Shadow-Text and Collocation

One crucial aspect of the reading-text has yet to be described: the procedure allowing individual glosses to be associated with specific words in the Canterbury Tales. It was noted above that the main part of the electronically encoded text may be described in terms of two fundamental structural units, i.e., the page and the line. This standard architecture in fact carries over to the glossing apparatus. The glosses reside in every instance on the same page as the continuous Middle English text to which they refer, but they are hidden from the reader in an off-screen field or buffer that is best envisioned as a grid or matrix of references that stand "in the background" of the Chaucerian text. The collected glosses for a particular page of the Canterbury Tales are referred to here as the shadow-text. The process of linking the constituent elements of the normally invisible shadow-text to the individual words in the text consulted by the reader requires the consideration of a third basic structural unit in the reading-text: the word. Each page of the shadow-text includes precisely the same number of lines and words as the corresponding page of the reading-text. Words in the main text of the Tales are defined as strings of characters bounded by blank spaces (regularly assigned an ASCII value of 32) or, in cases of line-breaks, hard returns (ASCII 13). Words in the shadow-text, however, are defined as strings of characters of any length and containing any number of "words" (in the traditional sense), spaces, returns, and the like, separated by one of the less commonly used seven-bit computational characters (in the developmental version, ASCII 255). These are accessed in response to events generated by the user. For example, if a reader selects word 4 of line 8 of page 3 in the on-screen reading-text, the glossing mechanism immediately fetches the corresponding word in the shadow-text and renders it visible on the computer display.

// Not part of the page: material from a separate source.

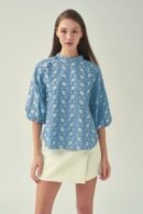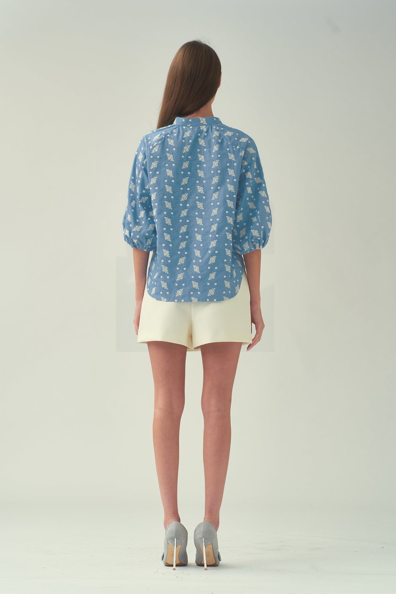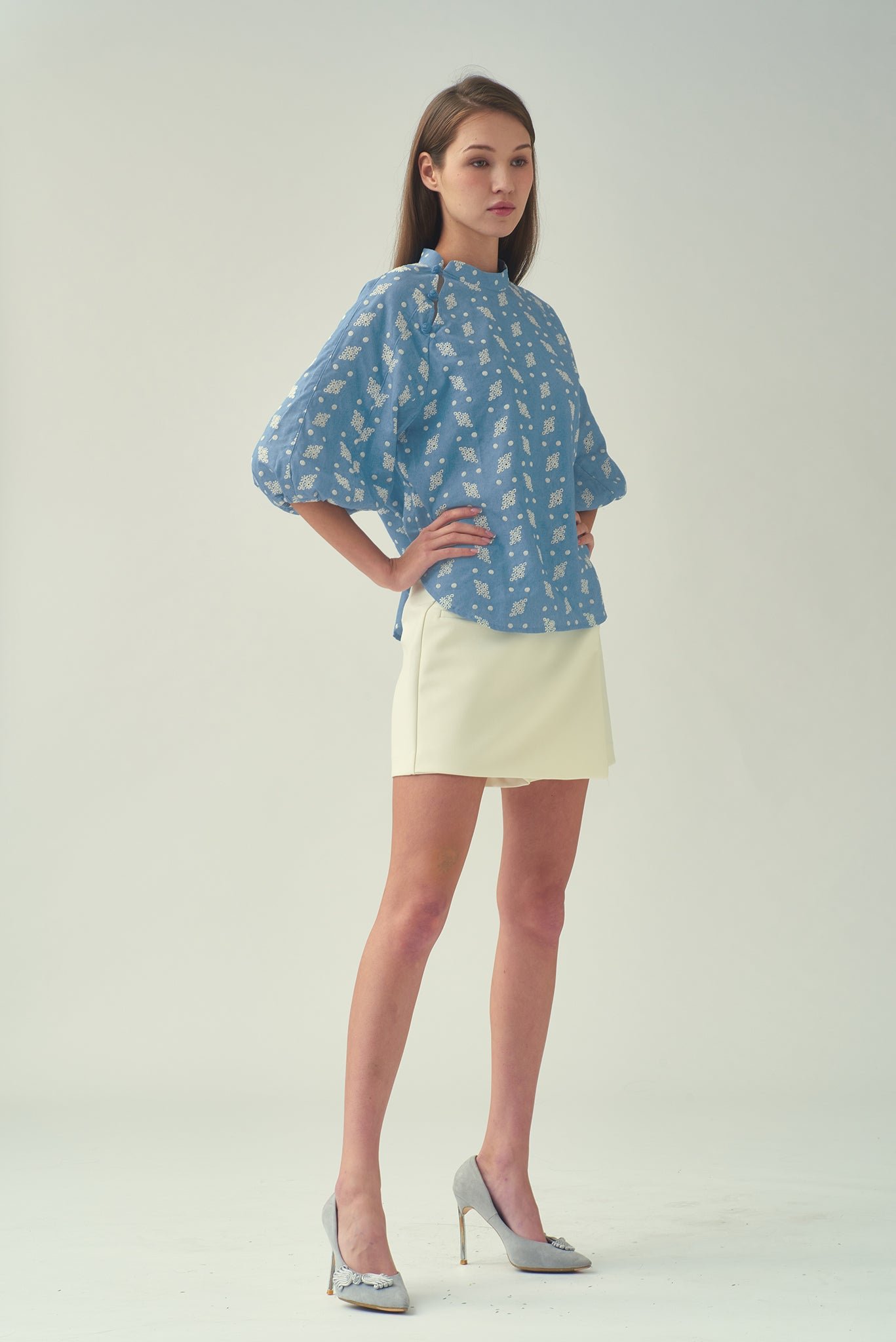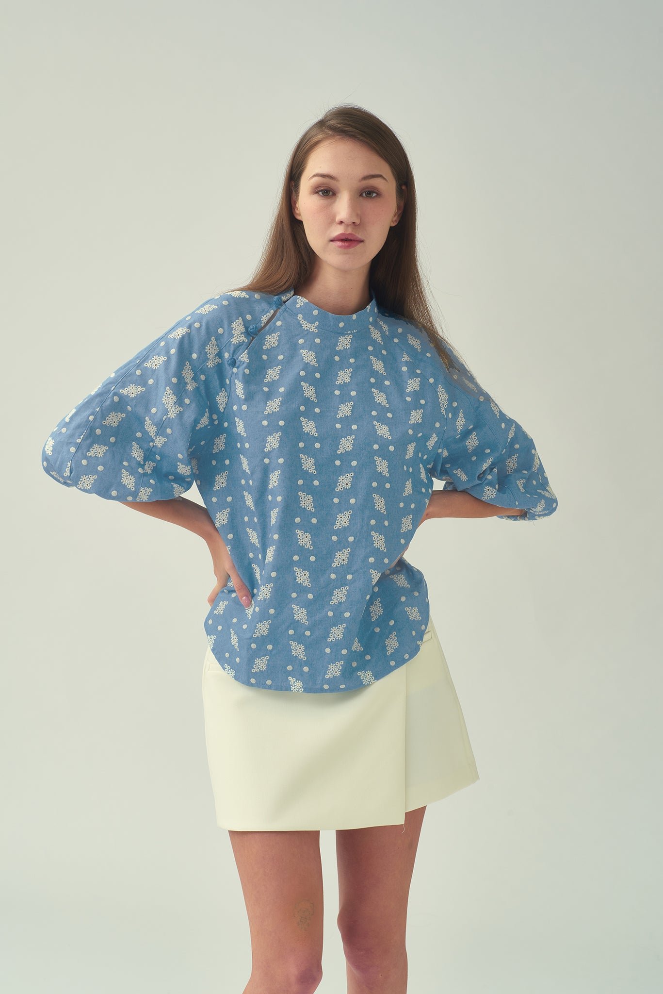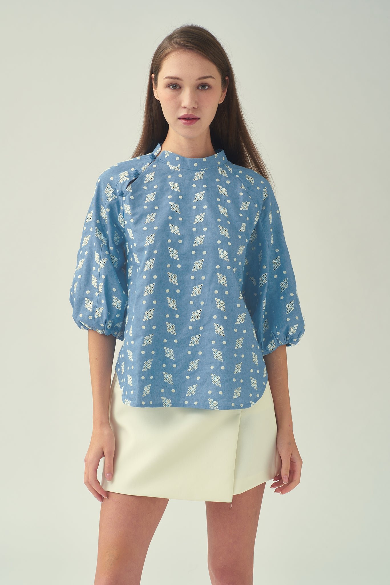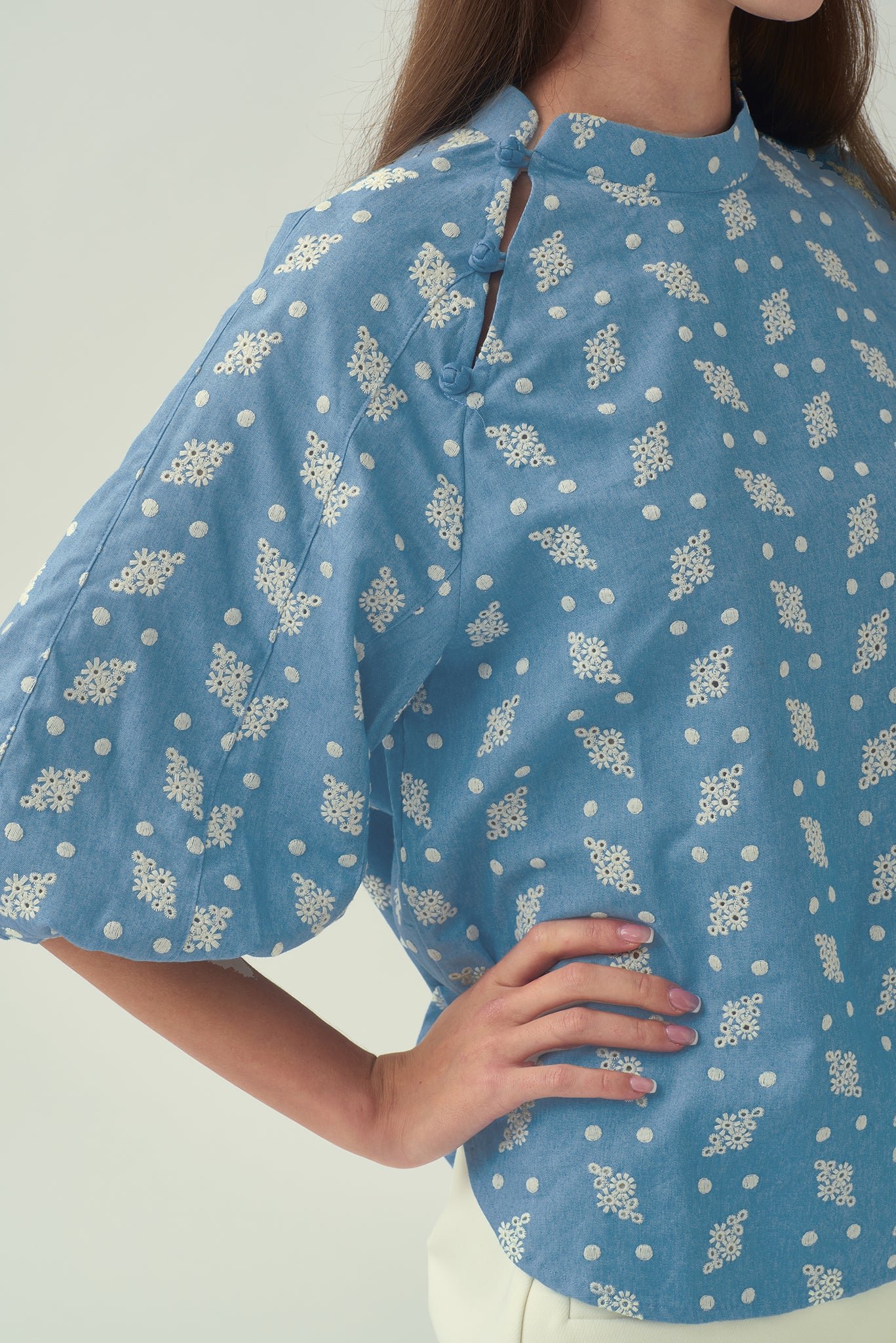 這款襯衫飾有精緻的刺繡圖案 .增添一絲清涼氣息。纖細的中式立領 .更顯其輕鬆隨興的造型。斜紋中國結紐扣環增添了獨特的中式細節。寬鬆版型 .穿著舒適;四分之一燈籠袖搭配鬆緊袖口 .打造時尚休閒的輪廓。

One immediate objection to the scheme set out above would be that it greatly increases the size of the text file used to store the text of the Canterbury Tales. Every word in the main text has its own gloss and many of these glosses are identical and ostensibly redundant, arising as they do in response to multiple occurrences of a given string or lemma. The one-megabyte ASCII file used to generate the developmental version of the reading-text described here expanded to more than eight megabytes when equipped with the full apparatus of the shadow-text. An arguably more efficient scheme would involve a greatly reduced shadow-text that only provided pointers to individual records in a glossary, which would presumably be stored in the form of a flat-file database. This objection has been set aside for two main reasons. First, the proposed document architecture is intended to be capable of accommodating an apparatus able to achieve a high degree of scholarly precision, particularly in the treatment of unusual senses of words and idiomatic phrases, which might in practice comprise any number of words in various lines of the reading-text. The storage of glosses in a database would not absolutely preclude the achievement of this degree of precision, but it would greatly complicate both the initial developmental process and any future revision of the text. According to the plan set out above, however, any word or phrase in Chaucer's text may eventually receive any sort of treatment that an expert reviser deems appropriate. Second, the redundant and seemingly inefficient repetition of similar glosses at various points in the shadow-text is in fact the single feature of the system that allows searching for themes, concepts, and so on, to be undertaken by the reader on an ad hoc basis. The key to the system of proximity-searching, it will be recalled, is the availability of collocations of terms. One of the most striking (and unexpected) conclusions to emerge from the present course of research is the discovery that the arrangement of the fairly simple, lemmatized synonym sets that constitute the glosses described above in the form of a shadow-text immediately produces an extremely powerful searching capability that provides useful results even before the intervention of an expert reviser. This conclusion may have ramifications for future work on other medieval texts.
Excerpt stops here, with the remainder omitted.